I was recently reading an article called Demystifying the Dissertation and it mentioned how before you ever start writing, you should have articles cited, outlines made, and pretty much what you are going to write already written.  I never start blogging like that, so I may need to break that habit in the next couple of years before I start the tedious task of producing one of the most important writings of my life.  Wait, did I just overstate the importance of the dissertation or am I being accurate?  According to the author, the dissertation is "the foundation of a scholarly career; a significant criterion in academic hiring; and, for too many, an obstacle to degree completion or the primary factor in attrition."  Regardless of the degree of importance for my own dissertation, I pretty much blog without much planned out and just see where it leads me.  I think in writing this is called a stream of consciousness.  That pretty much defines my writing here.  So, in thinking ahead, I am going to plan on hitting the following topics in this entry:  dating, public health care, payday, new domain, and, just for fun, the random topics of Jon and Kate Plus 8 and Legally Blonde 1 and 2.  Since I have a lot of cover and not much motivation to sit here for that long, I will try to be brief.
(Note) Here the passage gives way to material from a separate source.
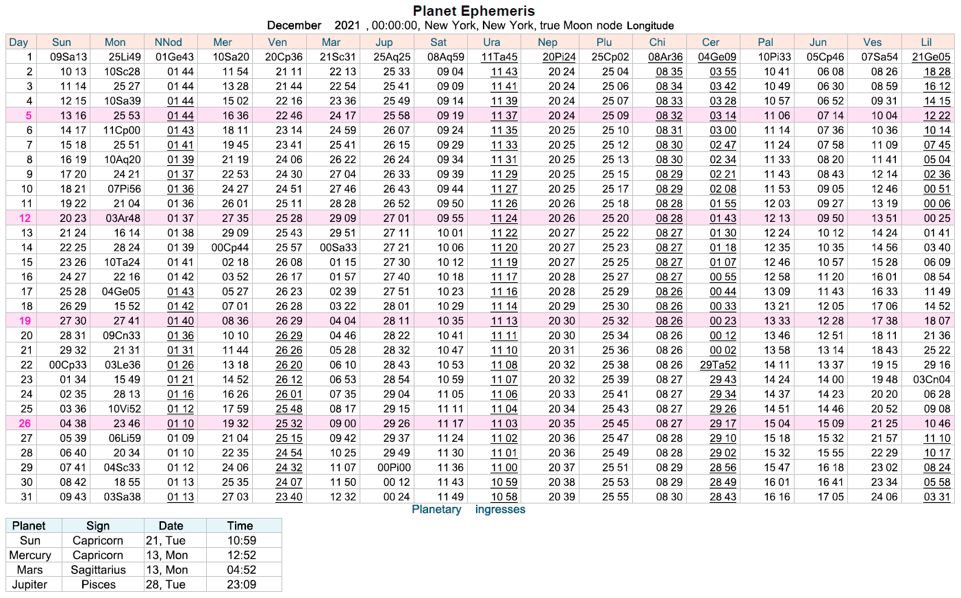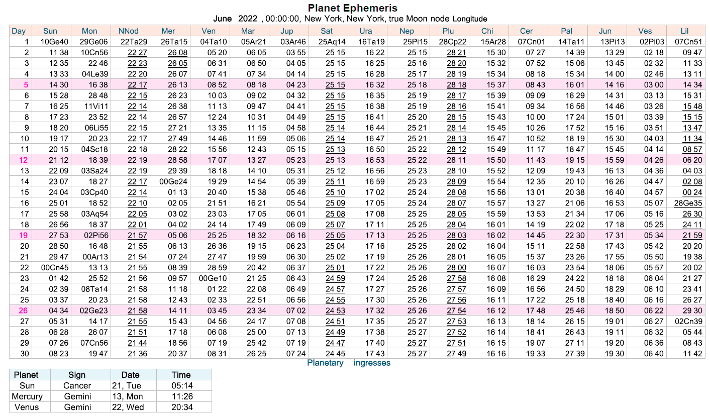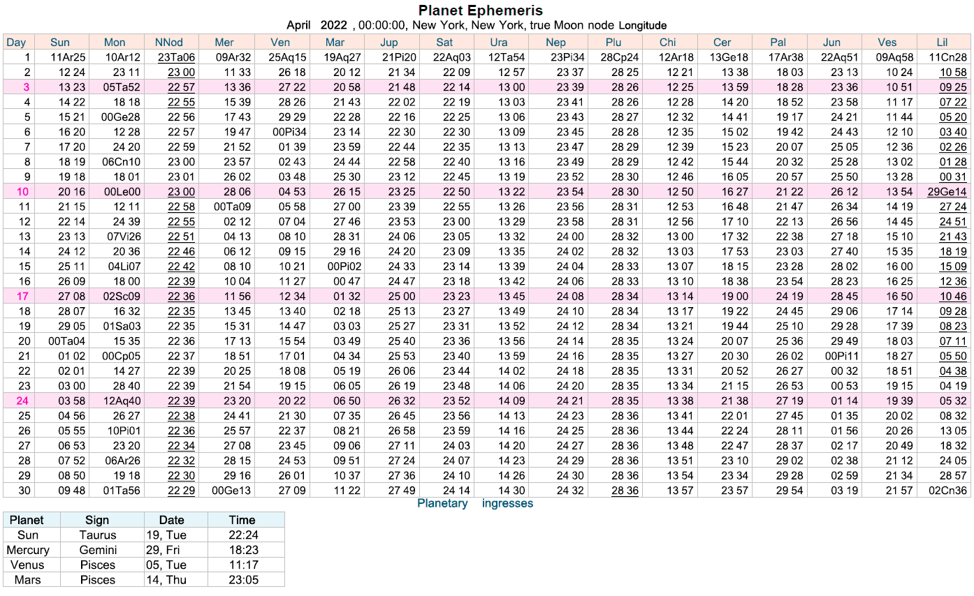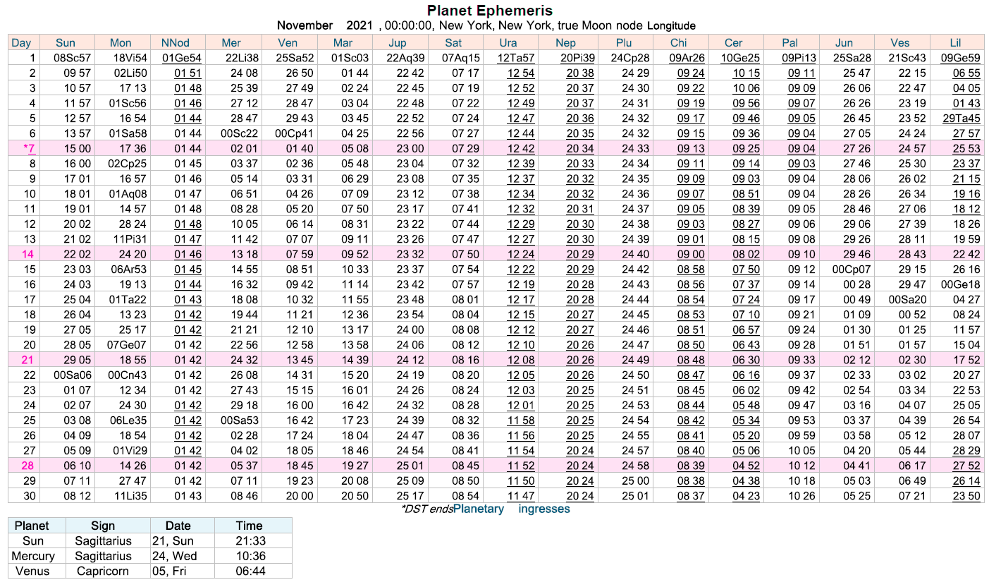 Ephemerides with additional points are for Eastern Time. The North Node and Lilith are the True positions. Retrogrades are underlined. Extra points are Chiron, Ceres, Pallas, Juno, Vesta, and Lilith. These come from the excellent software, Sirius 3.0.

Since moving, I have gone on several dates--some several dates, some one date, and some not sure what to make of it?  Either way, I have not had a lack of dating since moving, but I do feel off my game in many ways.  I think without having a close group of friends like I did before I moved, I lack the dialogue that only friends can have about dates.  You know, the conversations that help you make sense of what just happened, what your feelings really mean, and whether or not the guy is even worth a second date.  As a result, I am kind of sitting here this evening feeling rather perplexed about what I really think, what I really feel, and what I should do to move forward.  Maybe refocusing on forming solid, meaningful friendships should be the goal here so that the next date I go on, I will have people to bounce ideas off of and make sure I am not making bad judgments?  I mean, I still do have all the friends I had before, but catching up with them has been difficult (the blame going both ways) and it just is not the same as hanging out and having girl talk over a couple glasses of wine.  As much as dating would be nice, I really miss the support of my friends the most, so perhaps I really should refocus my energy and start interviewing for friends.  I have met a lot of people whether through work or through other people, but other than a couple people nothing that has really stuck as friendships.

Outside of dating and friends, I also have had the difficult task of getting my health insurance and care established in a new state and with a new provider.  As a result of now being a poor doctoral student, I actually qualified for a government assistance program to help offset the costs of a health insurance continuation program.  Pretty nifty, huh?  Well, in theory.  For the past two years, I have really been blessed to have easy to afford, easy to access, and easy to understand health insurance through my employer.  I guess I took this for granted, because getting enrolled in this government program, making sure I had all of the paperwork, and getting all of the blood work and examinations done has been difficult and time consuming.  I am still unsure if this is all going to work out, but am staying hopeful that it does because in the long run this would really be the best option for my health.  As much of a supporter I am of us moving towards a better health care system that insures everyone, it is really discerning to see how difficult a public versus a private health care system has been for me.  Now, this may get easier in time and once I figure out all of the hoops of this new system it may even be better, but right now I am very disappointed and disheartened that getting set up and access to this form of health insurance is as hard as it is.  Did I mention all of the paperwork?  So many trees died as a result.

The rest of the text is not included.